> _ACTIVITY_
Exactly the lines from the one containing "These Johnny Ringo" through the end of the data, and nothing more, should be retyped; pictures stay out.

> _RECORDS SUPPLIED_
Segment Open
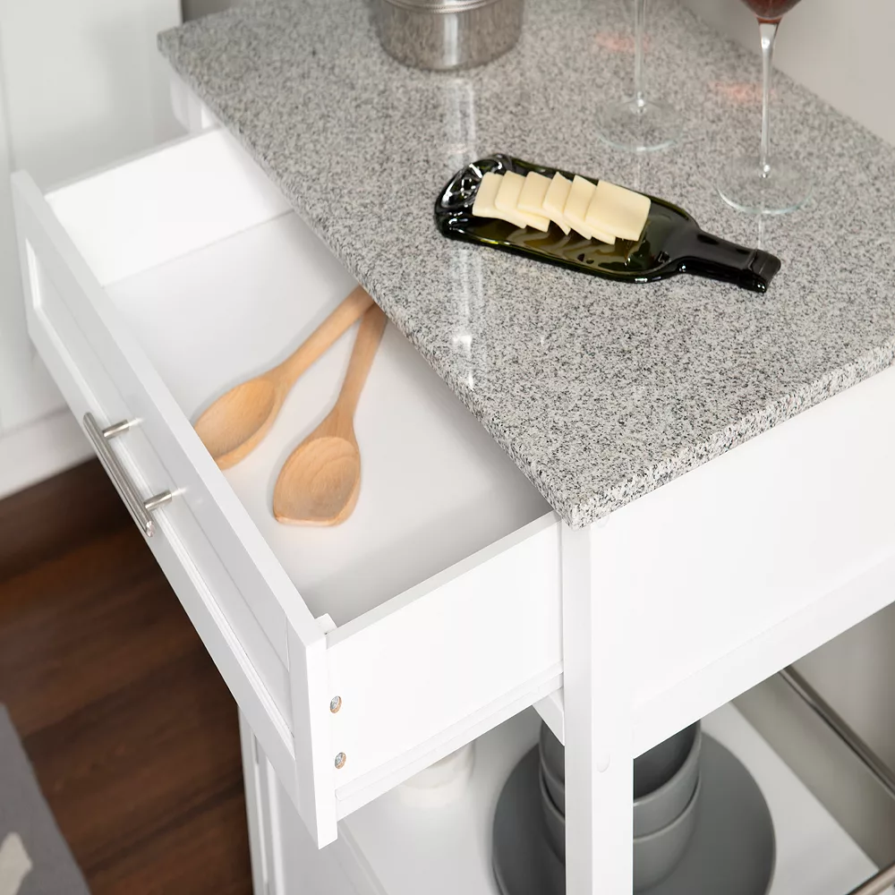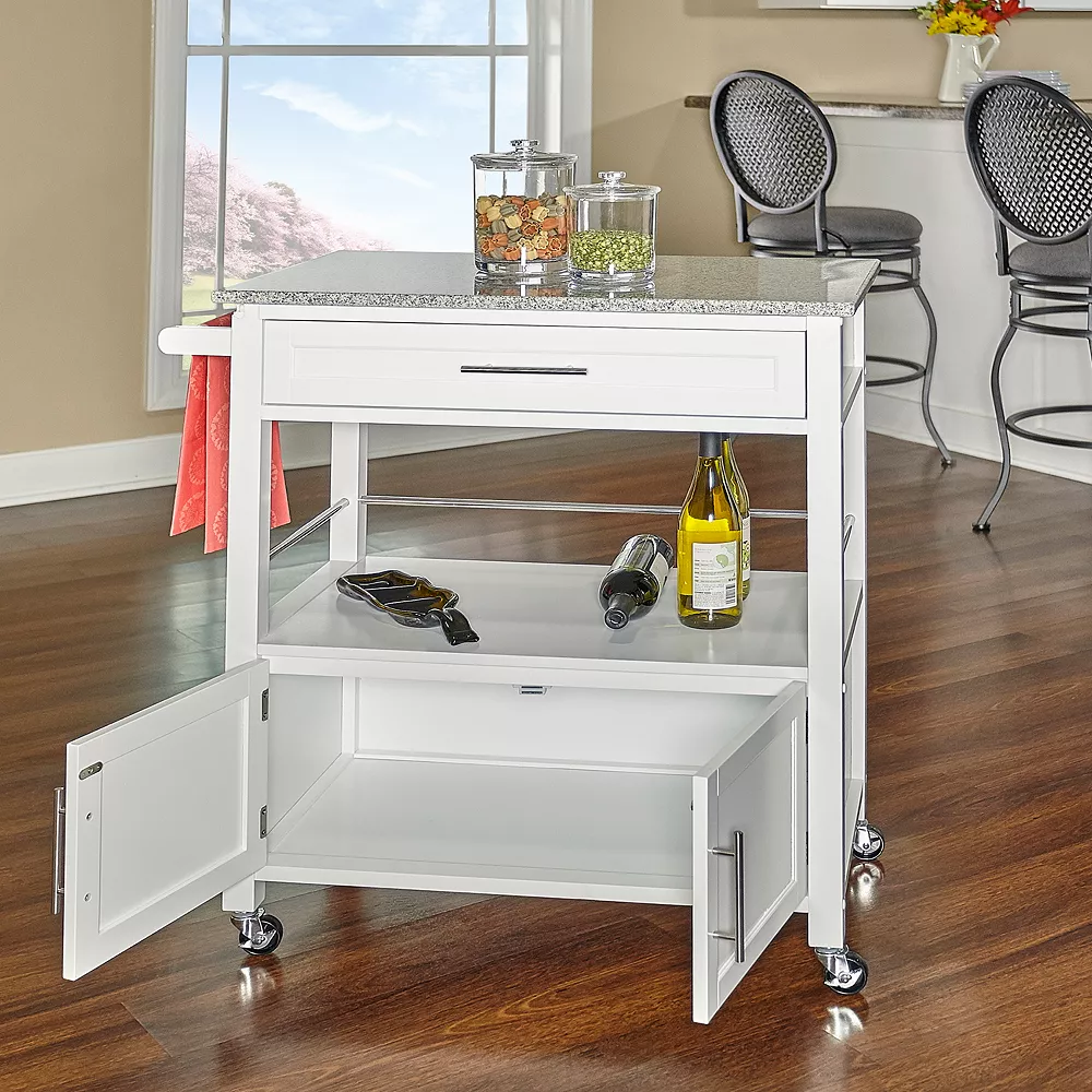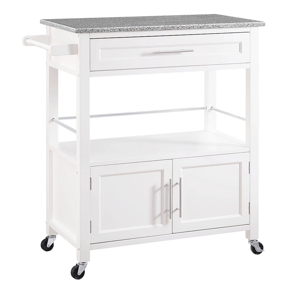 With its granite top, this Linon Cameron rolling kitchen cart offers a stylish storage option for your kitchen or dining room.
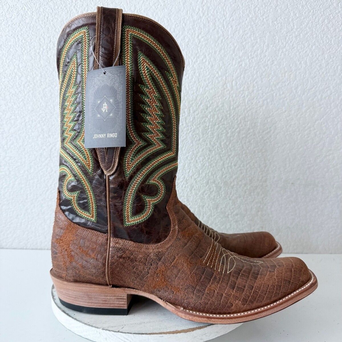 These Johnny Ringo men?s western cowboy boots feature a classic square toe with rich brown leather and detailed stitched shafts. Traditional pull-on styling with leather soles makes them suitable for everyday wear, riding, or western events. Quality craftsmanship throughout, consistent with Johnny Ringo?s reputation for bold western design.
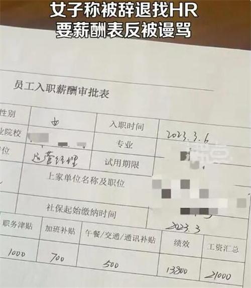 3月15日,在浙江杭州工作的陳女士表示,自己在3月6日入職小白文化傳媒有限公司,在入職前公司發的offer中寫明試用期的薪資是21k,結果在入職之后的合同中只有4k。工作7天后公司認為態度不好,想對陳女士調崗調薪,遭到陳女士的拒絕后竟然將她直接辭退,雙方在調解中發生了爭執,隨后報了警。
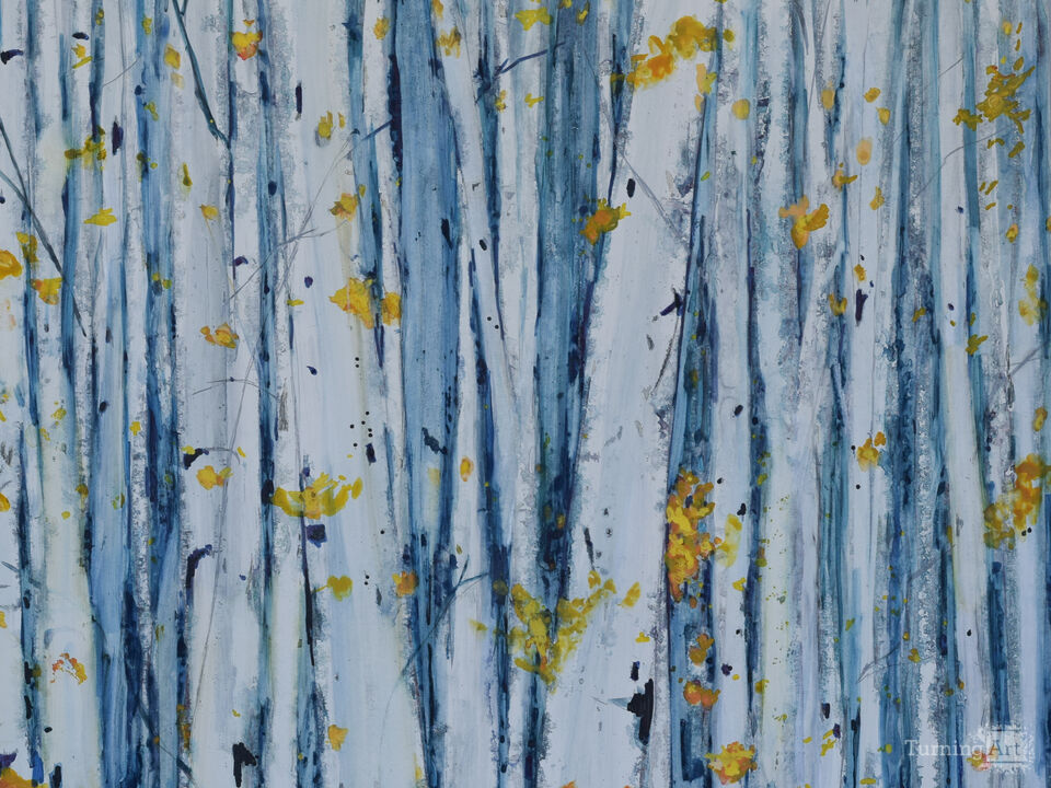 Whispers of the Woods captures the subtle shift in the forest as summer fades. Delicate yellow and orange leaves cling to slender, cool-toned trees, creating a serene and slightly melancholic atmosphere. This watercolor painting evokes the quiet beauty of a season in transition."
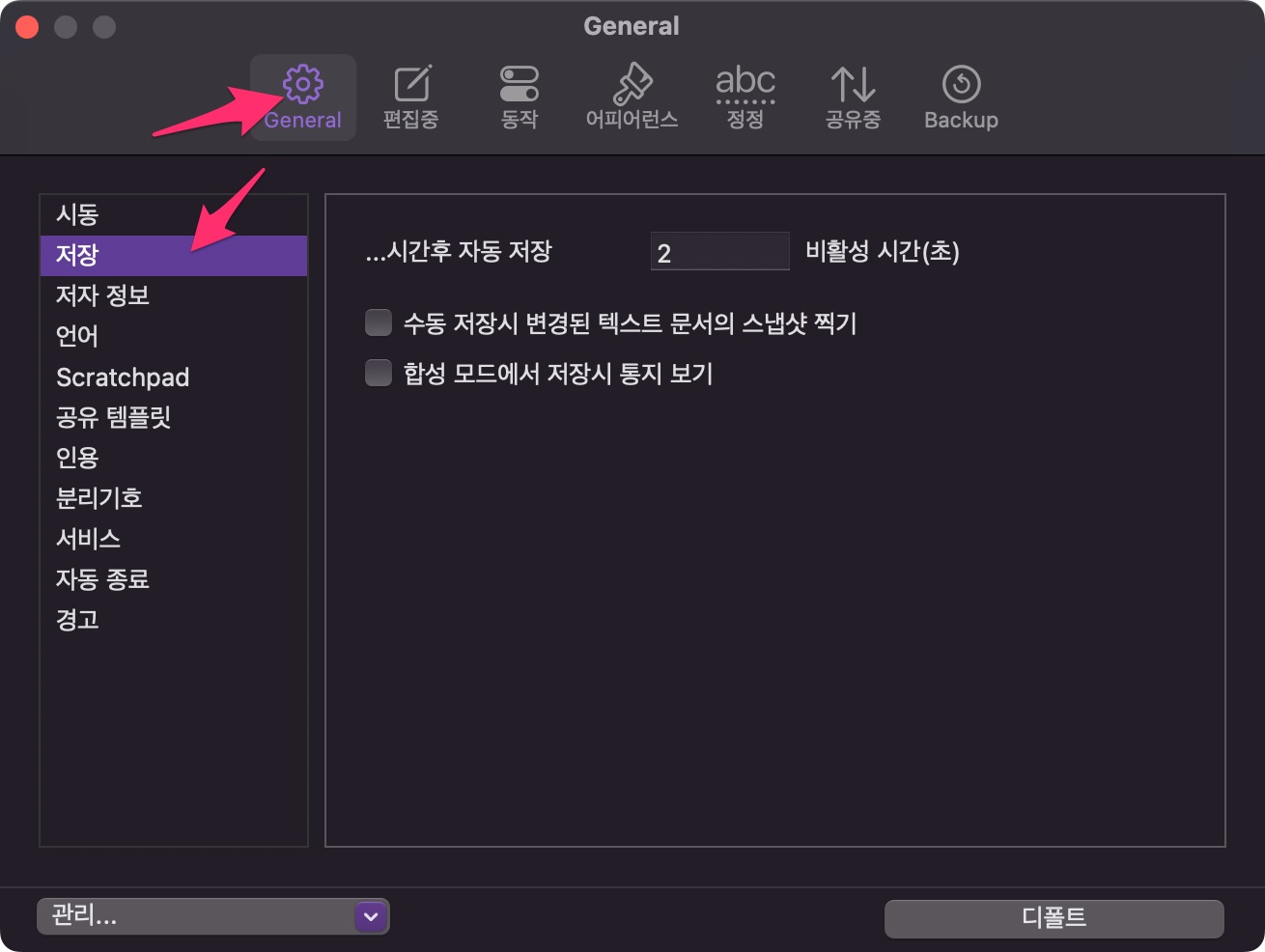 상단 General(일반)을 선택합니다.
Segment Closed
> _EXERCISE ANSWER_
 These Johnny Ringo men?s western cowboy boots feature a classic square toe with rich brown leather and detailed stitched shafts. Traditional pull-on styling with leather soles makes them suitable for everyday wear, riding, or western events. Quality craftsmanship throughout, consistent with Johnny Ringo?s reputation for bold western design.
 3月15日,在浙江杭州工作的陳女士表示,自己在3月6日入職小白文化傳媒有限公司,在入職前公司發的offer中寫明試用期的薪資是21k,結果在入職之后的合同中只有4k。工作7天后公司認為態度不好,想對陳女士調崗調薪,遭到陳女士的拒絕后竟然將她直接辭退,雙方在調解中發生了爭執,隨后報了警。
 Whispers of the Woods captures the subtle shift in the forest as summer fades. Delicate yellow and orange leaves cling to slender, cool-toned trees, creating a serene and slightly melancholic atmosphere. This watercolor painting evokes the quiet beauty of a season in transition."
 상단 General(일반)을 선택합니다.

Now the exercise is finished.